Top companies in our survey grind down costs by consolidating IT and rationalizing processes. They’re growing faster as well.
The Great Recession has caused plenty of pain in the European insurance industry. Rock-bottom interest rates have reduced returns on the insurers’ holdings, while economic disruption continues to increase the volume of claims payouts.
Not all companies are suffering, of course; indeed, many are thriving. For insights into the factors that distinguish the top performers from the rest of the pack, we surveyed more than 80 life insurers and property-and-casualty (P&C) insurers across Europe.1 We were particularly interested in identifying the factors that most directly contributed to their superior cost performance, including product development, marketing, sales support, operations, and IT, as well as other support functions. Despite the strong economic headwinds, we found not only that companies in the top quartile of our survey outperformed their peers on costs but also that this operational strength—contrary to conventional wisdom—produced more robust revenue growth.
A yawning gap in costs
One of the more startling survey findings was the size of the cost difference between top- and bottom-ranked players. For top-tier insurers, the total operating cost per policy, across virtually every business function, is at least half that of companies at the bottom of the stack (Exhibit 1). Bottom-quartile players’ unit costs can be twice as high as those of top-quartile ones.
Some of the biggest differences result from the top companies’ much better cost management in sales support, operations, and IT. The consistency of this gap also runs contrary to the industry’s common wisdom: companies may squeeze costs in one area but must compensate elsewhere, with higher costs, to maintain revenues or buttress customer satisfaction. Instead, we found that top-tier insurers sustained their low-cost position without sacrificing top-line revenue growth. Leaders in our survey increased their gross written premiums—the industry’s standard revenue measure—two percentage points faster than the broader market index did.
The survey also calls into question other industry credos (Exhibit 2). The first is that larger insurers have an implicit cost advantage. Our survey data show that while size provides some economies of scale, it often creates administrative and operational complexities that impede even larger efficiency gains. Second, it is often assumed that variations in the wages and regulatory regimes of different countries strongly influence the performance of the insurance companies that do business in them—in other words, that high wages and stiff regulations depress profits. Yet our findings indicate that top performers use operational excellence to dampen the effects of high wages and regulatory constraints. By moving back-office functions to cheaper near- and offshore locales, these companies deftly use labor cost arbitrage to create a lower average cost base. As a result, their cost performance is superior across all geographies.

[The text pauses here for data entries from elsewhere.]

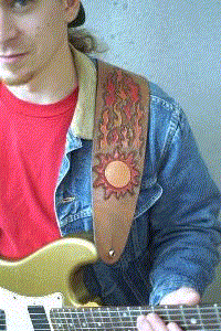 Flaming Guitar strapThis guitar strap was one I made for a friend of mine. He wanted something cool and impressive, well I think he got it, and he told me so. The flame style is an original design and the sun image was garnered from a clip-art gallery. Isn't it cool how the flames seem to climb up?Price: $100+ |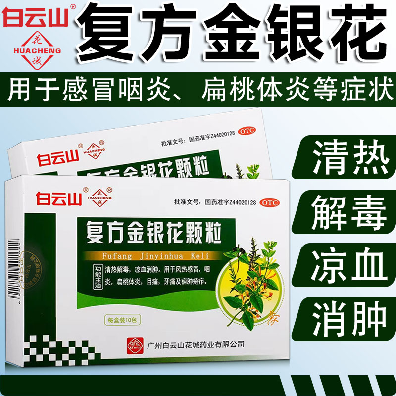 白云山花城 复方金银花颗粒10g*10袋 牙痛咽炎风热感冒药清热解毒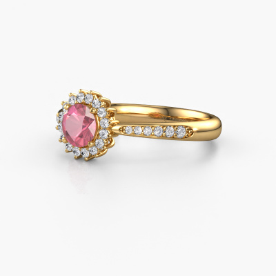 The ring shown above is called the Tilly RND 2. We call this type of ring a cluster ring, the centre gemstone is surrounded by smaller sized stones. This 14 Carat gold version is set with a 5 mm round tourmaline pink centre stone, embraced by smaller diamonds. If you look at this gold cluster engagement ring, you might get the impression that its smaller sized stones collide with the bigger tourmaline pink, so it is shaped like a flower. Therefore this engagement ring is also known as the flower ring. Our artisan goldsmiths get the job done. Each individual stone is carefully set by hand. During manufacturing, light fall is constantly monitored to make sure the special cluster effect is still visible. In the end you get the perfect engagement ring with a radiant tourmaline pink gemstone centrepiece. You can imagine the effect of a ring of such significance when you give tot the love of your life on her special day to shine. After receiving your order, our goldsmiths will start the creative process of making your Tilly RND 2 engagement ring. We don't keep stock. This is advantageous because these costs will not be passed on to you. Therefore, we can offer jewellery at exceptionally low prices.Our team adds new designs to our online collection daily. Our designers and goldsmiths work together in creating the best design. We strive to offer a diverse collection of jewels. Perhaps you have a specific jewel design in mind. One you came across somewhere. Please contact us for a free consultation. We will make you an offer, based on a fair price/ quality ratio, that will baffle you.To make it easier for you, we offer a 30 day return policy. Check our terms and conditions.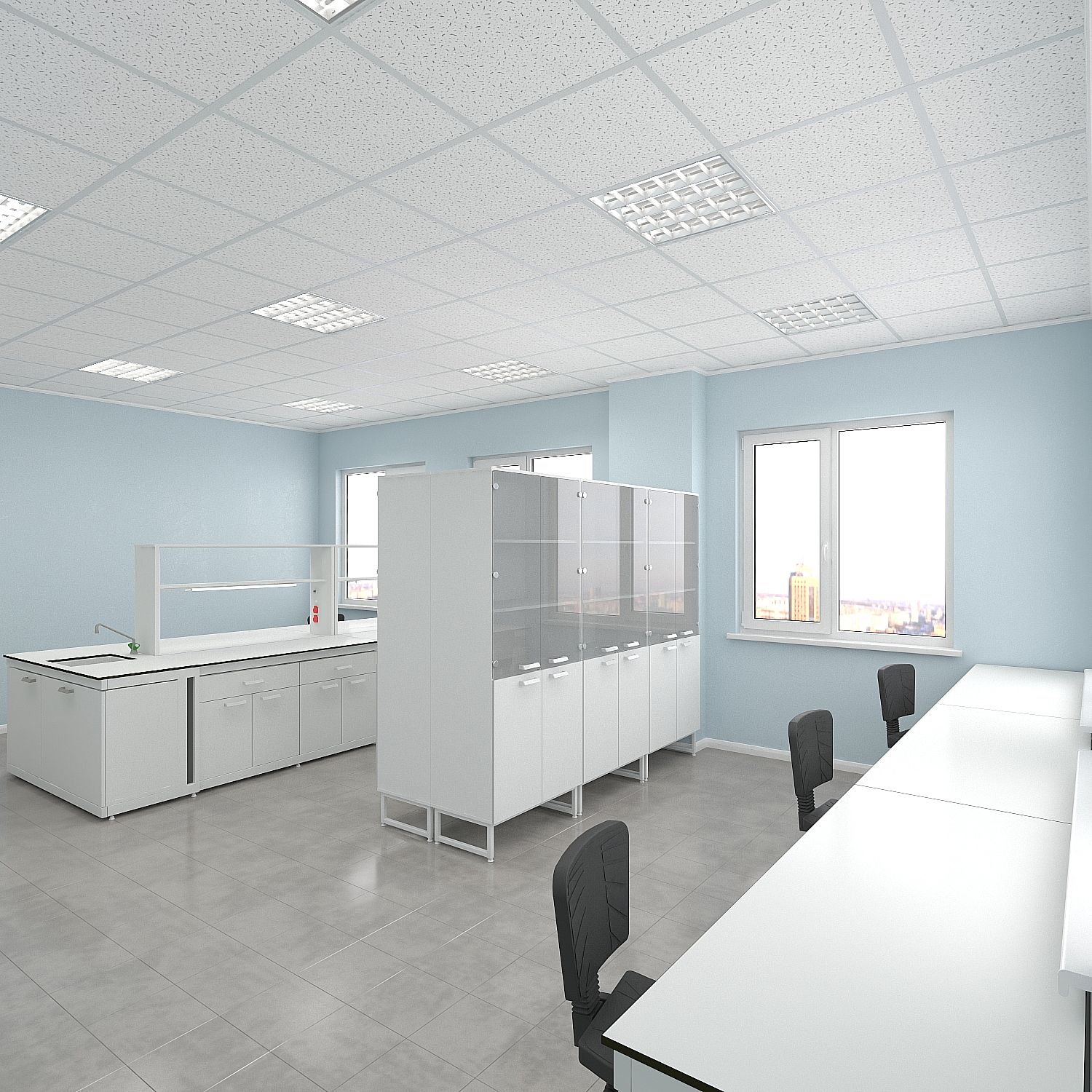 Главная проблема заключалась в планировке: лабораторная и лаборантская зоны располагались в едином помещении без физического разграничения. Лаборантская — это место, где сотрудники оформляют документацию, работают с журналами и протоколами. Лабораторная зона — пространство для работы с реактивами, приборами и пробами. Совмещение этих функций в одном открытом пространстве создавало неудобства: бумажная работа соседствовала с химическими операциями, что противоречило и внутренним регламентам, и здравому смыслу.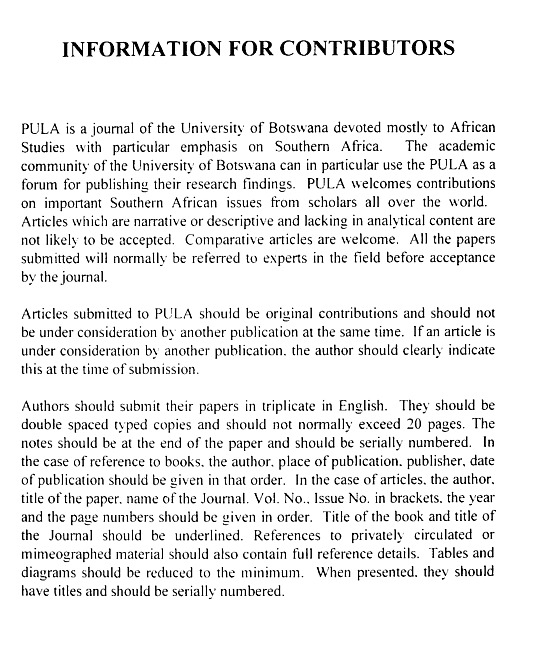 Pula : Botswana Journal of African Studies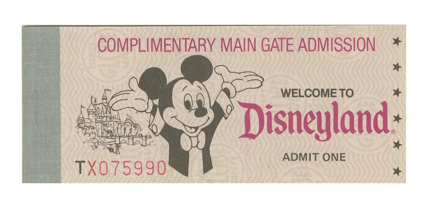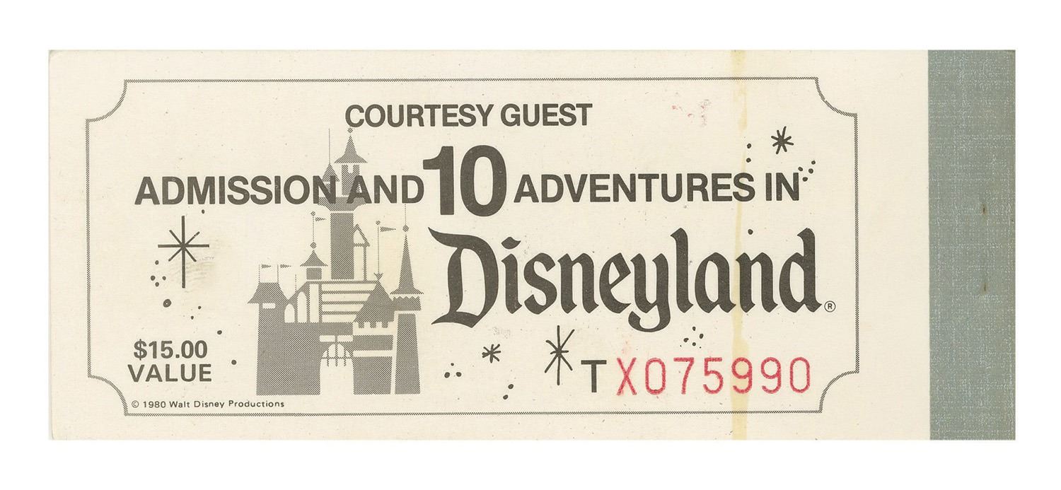 (Disneyland, 1980) A complimentary main gate admission ticket book that is still valid for park admission today. The book is complete, with all of its (10) coupons and front admission stub still intact. Measuring 2"x5", the ticket book is in very good condition with minor discoloration to the reverse.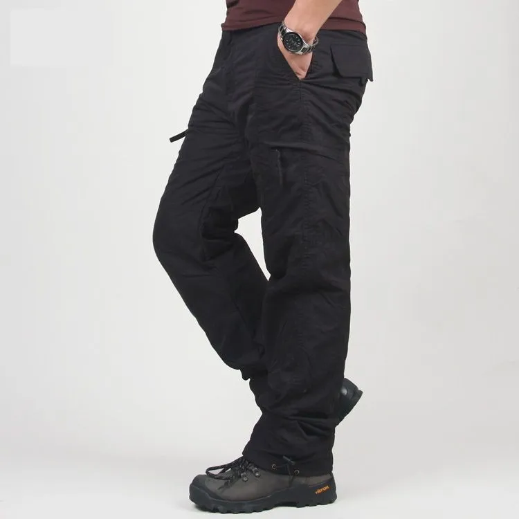 Мужские брюки-карго 2021, Зимние Повседневные теплые утепленные флисовые брюки, мужские хлопковые мешковатые военные тактические брюки с несколькими карманами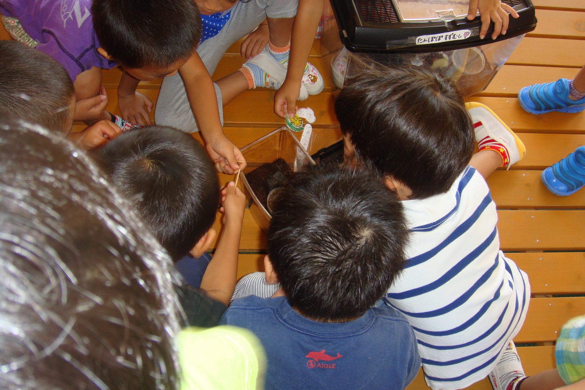 水やりをし、「まだかな~まだかな~」と実をつけるのを楽しみにしていた子ども達。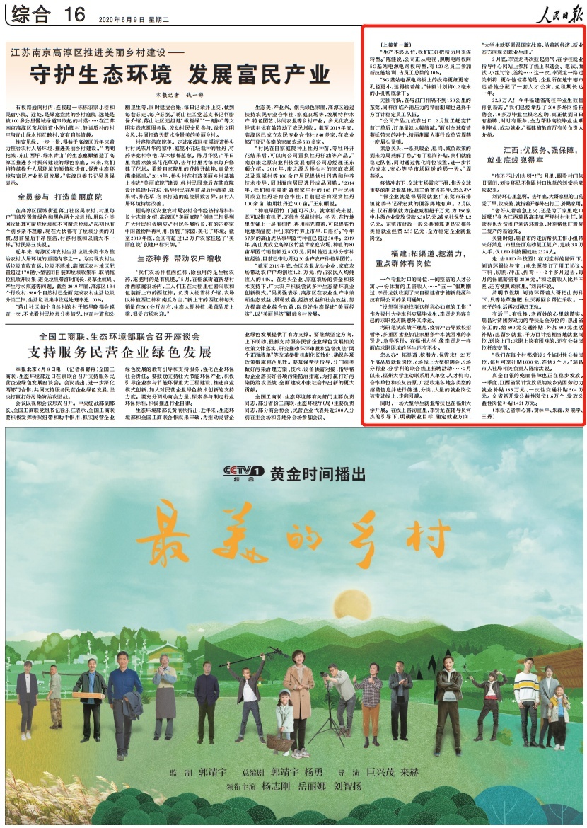 6月9日,《人民日报》头版头条刊发通讯《保居民就业——让千家万户端稳饭碗(在危机中育新机 于变局中开新局)》,以福州大学保障毕业生就业为例,点赞福建省拓渠道、挖潜力,重点群体有岗位。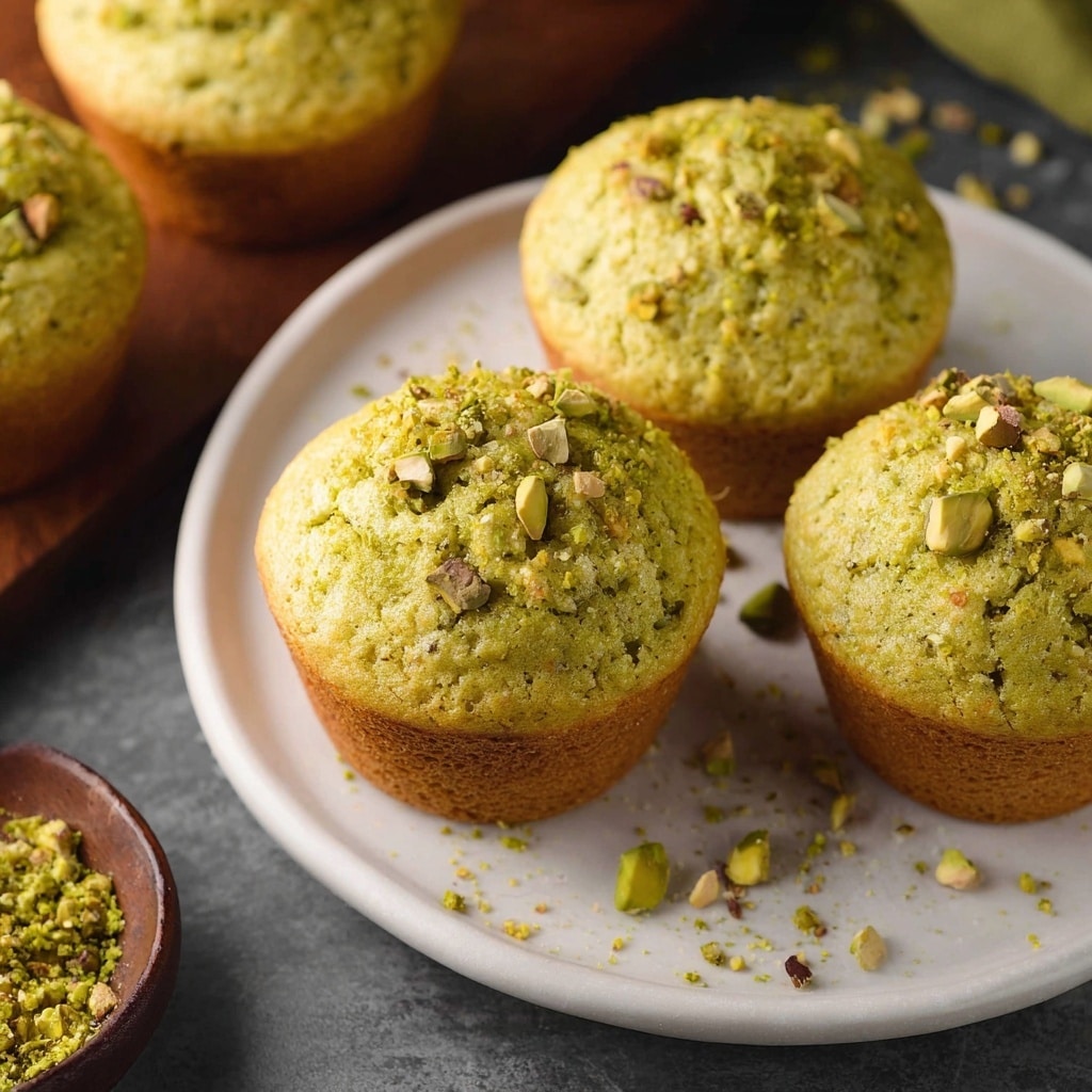Pistachio pudding mix adds color and flavor but is optional.Almond extract can enhance the nutty flavor—use 1/4 tsp in place of or with vanilla.Use gluten-free flour or dairy-free milk to accommodate dietary needs.Don’t overmix to keep muffins soft and fluffy.Make mini muffins by reducing bake time to 10–12 minutes.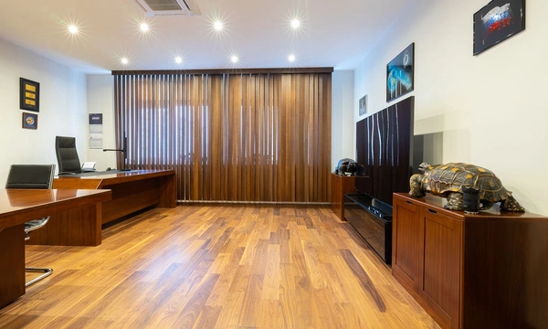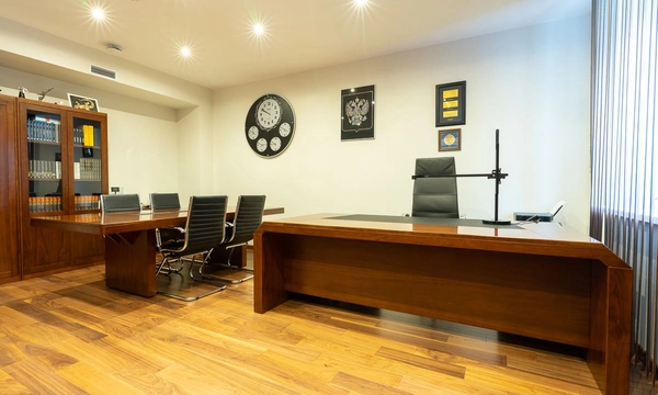Недавно мы закончили проект по обустройству кабинета одного из руководителей компании. Работа началась с дизайн-проекта и плана расстановки мебели. В просторном помещении предстояло разместить большой рабочий стол, стол для переговоров на 4ых, зону хранения с гардеробом и найти место для кофемашины и холодильника.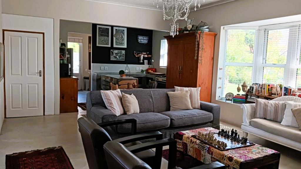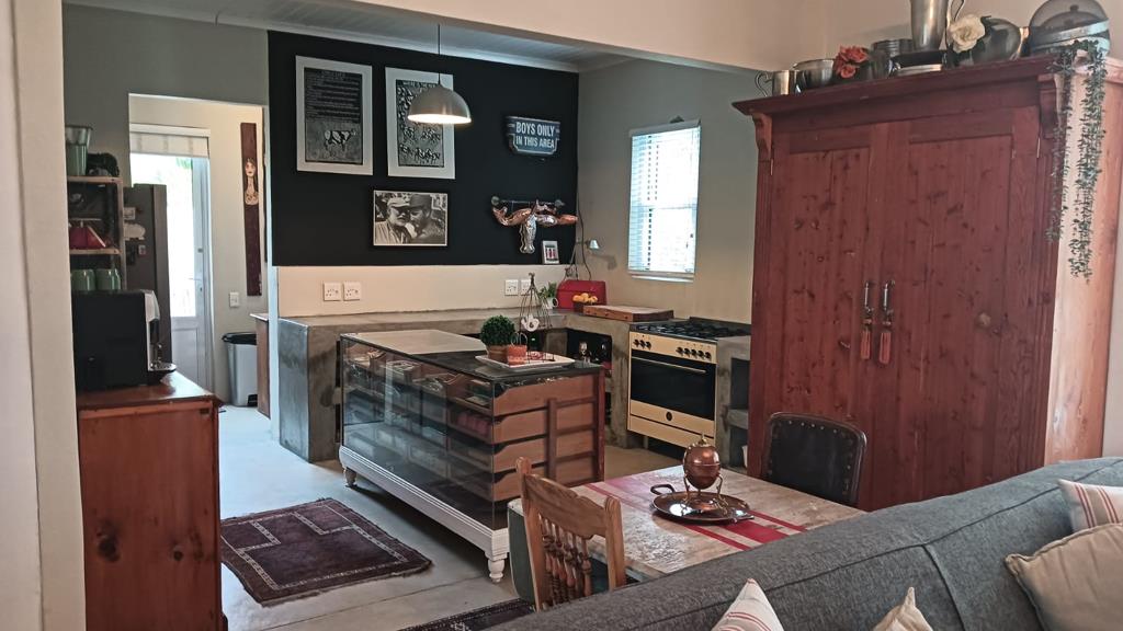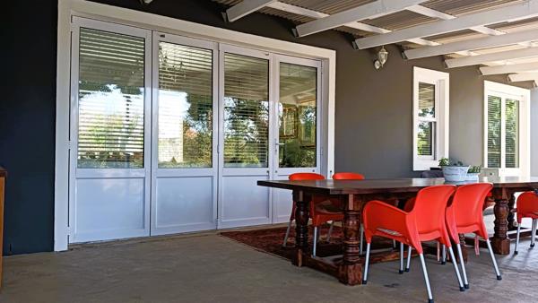 Designed with entertaining in mind, the expansive stoep is an ideal spot for alfresco dining or simply relaxing under the stars, surrounded by mature trees. The stoep seamlessly connects to the open-plan living area, with stacker doors that open wide to create a harmonious flow between the indoor and outdoor spaces. The kitchen, with its rustic charm, is equipped with a separate scullery and leads to a private, secluded courtyardperfect for quiet moments or a small garden retreat. Additional features include a double carport, a refreshing pool, a borehole, and a security alarm system for peace of mind.

Finally, we found that the best operators, despite their vigilance on costs, don’t allow that frugality to damage vital functions, such as customer service and due diligence for issuing new policies. When one large insurer found that its cost base was significantly higher than that of industry leaders, for example, its managers attributed the difference to the additional spending needed to ensure longer-term growth and profitability. The company assumed that its lower-cost competitors cut corners in areas such as risk assessment and undertook fewer medical checks to authenticate claims or confirm eligibility. Yet our analysis shows that low-cost leaders did not cut back in these areas and actually achieved higher levels of profitability than the company in question.
Fragmented IT and operations raise complexity and costs. The top-tier companies did more for less thanks to their operational excellence. In fact, among P&C insurers alone, top-quartile players’ profit margins, based on the industry standard combined ratio, were four percentage points higher than the average of the companies we surveyed.
How low-cost companies do it
Behind the low scores of our survey’s poor performers, one factor predominates: operational weakness. These companies are more likely to have an ungainly operational footprint, with limited cohesion among operating centers and fragmented IT systems, so they find it harder to streamline processes, share common tasks, and achieve economies of scale. Such deficiencies, which often disrupt a range of processes, lead to high backlogs, as well as frequent work-arounds and manual interventions—factors that slow down response times, raise costs, and hurt customer service.
We have identified three core operating principles that differentiate top-performing companies. These offer a roadmap for insurers seeking to improve their competitive cost position and growth prospects.
Create a centralized structure
Top performers are more likely to centralize their IT and back-office processes and to consolidate corresponding reporting lines under a single point of contact, often the COO, improving both productivity and governance. They are more likely, for instance, to pool medical experts instead of segregating them by location and channel. This approach reduces the number of resources needed—in some cases by as much as 40 percent—while increasing the quality of the guidance.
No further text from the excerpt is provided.